February 3, 2014 - Antarctic Blog

By Sue Bassett

When Ernest Shackleton led the British Antarctic ‘Nimrod’ Expedition 1907–09 he hoped to reach the geographic South Pole. To achieve this, he took with him dogs, ponies, and a motor car donated by a major sponsor, William Beardmore, who had recently taken over the car company.

The car was a purpose-built 12/15hp New Arrol-Johnston, an open two-seater with a utility tray-back.

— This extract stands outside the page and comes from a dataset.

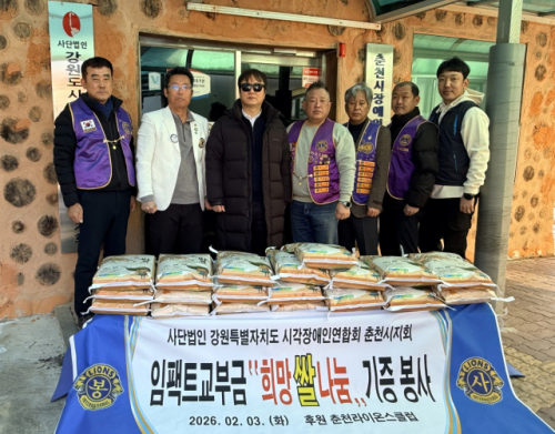 국제라이온스협회 354-E(강원)지구 춘천라이온스클럽(회장:심헌용)은 3일 설 명절을 앞두고 소외된 이웃을 돕기 위해 (사)강원특별자치도시각장애인협회 춘천시지회(회장:반익수)에 쌀 50포대(10kg)를 전달했다.

It had a specially designed air-cooled, four-cylinder engine, used non-freezing oil, had a silencer that doubled as a foot-warmer, produced hot water by passing the exhaust pipe through a hopper that could be filled with snow, and could be fitted with a pair of ski runners on the front wheels.

However, it was also heavy with little traction, sinking to its axles in the snow, and its petrol engine performed poorly from the outset. It was garaged at Shackleton’s expedition hut at Cape Royds and was useful only on the sea ice for transporting light loads, and once fell into a crevasse.

While a couple of parts remain at Cape Royds today, the car left Antarctica with Shackleton and the skis are now held by the Canterbury Museum in Christchurch, where they have undergone conservation treatment by our conservators.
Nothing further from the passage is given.